Bootstrapped on aarch64-none-linuxgnu
OK?
R.
[-- Attachment #2: insn-costs.patch --]
[-- Type: text/x-patch, Size: 1285 bytes --]
diff --git a/gcc/rtlanal.c b/gcc/rtlanal.c
index d9f57c3..5cae793 100644
--- a/gcc/rtlanal.c
+++ b/gcc/rtlanal.c
@@ -5260,23 +5260,41 @@ insn_rtx_cost (rtx pat, bool speed)
int i, cost;
rtx set;
- /* Extract the single set rtx from the instruction pattern.
- We can't use single_set since we only have the pattern. */
+ /* Extract the single set rtx from the instruction pattern. We
+ can't use single_set since we only have the pattern. We also
+ consider PARALLELs of a normal set and and a single comparison.
+ In that case we use the cost of the non-comparison SET operation,
+ which is most-likely to be the real cost of this operation. */
if (GET_CODE (pat) == SET)
set = pat;
else if (GET_CODE (pat) == PARALLEL)
{
set = NULL_RTX;
+ rtx comparison = NULL_RTX;
+
for (i = 0; i < XVECLEN (pat, 0); i++)
{
rtx x = XVECEXP (pat, 0, i);
if (GET_CODE (x) == SET)
{
- if (set)
- return 0;
- set = x;
+ if (GET_CODE (SET_SRC (x)) == COMPARE)
+ {
+ if (comparison)
+ return 0;
+ comparison = x;
+ }
+ else
+ {
+ if (set)
+ return 0;
+ set = x;
+ }
}
}
+
+ if (!set && comparison)
+ set = comparison;
+
if (!set)
return 0;
}
^ permalink raw reply [flat|nested] 11+ messages in thread
* Re: [rtlanal] Do a better job of costing parallel sets containing flag-setting operations.
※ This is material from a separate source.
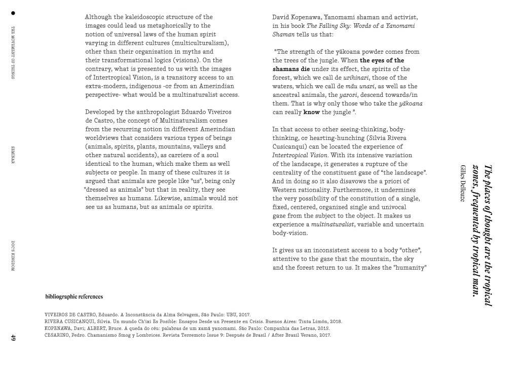 Although the kaleidoscopic structure of the images could lead us metaphorically to the notion of universal laws of the human spirit varying in different cultures (multiculturalism), other than their organization in myths and their transformational logics (visions). On the contrary, what is presented to us with the images of Intertropical Vision, is a transitory access to an extra-modern, indigenous -or from an Amerindian perspective- what would be a multinaturalist access.

2017-06-19 13:47 [rtlanal] Do a better job of costing parallel sets containing flag-setting operations Richard Earnshaw (lists)
@ 2017-06-19 14:08 ` Segher Boessenkool
2017-06-19 14:28 ` Richard Earnshaw (lists)
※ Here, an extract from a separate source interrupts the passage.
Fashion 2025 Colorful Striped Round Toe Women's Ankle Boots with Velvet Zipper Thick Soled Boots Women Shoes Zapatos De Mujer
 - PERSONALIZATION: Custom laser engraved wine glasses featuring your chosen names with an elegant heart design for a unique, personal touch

2017-06-19 14:45 ` Richard Earnshaw (lists)
2017-06-30 9:03 ` Richard Earnshaw (lists)
1 sibling, 2 replies; 11+ messages in thread
From: Segher Boessenkool @ 2017-06-19 14:08 UTC (permalink / raw)
To: Richard Earnshaw (lists); +Cc: gcc-patches
Hi!
On Mon, Jun 19, 2017 at 02:46:59PM +0100, Richard Earnshaw (lists) wrote:
> Many parallel set insns are of the form of a single set that also sets
> the condition code flags. In this case the cost of such an insn is
> normally the cost of the part that doesn't set the flags, since updating
> the condition flags is simply a side effect.
>
> At present all such insns are treated as having unknown cost (ie 0) and
> combine assumes that such insns are infinitely more expensive than any
> other insn sequence with a non-zero cost.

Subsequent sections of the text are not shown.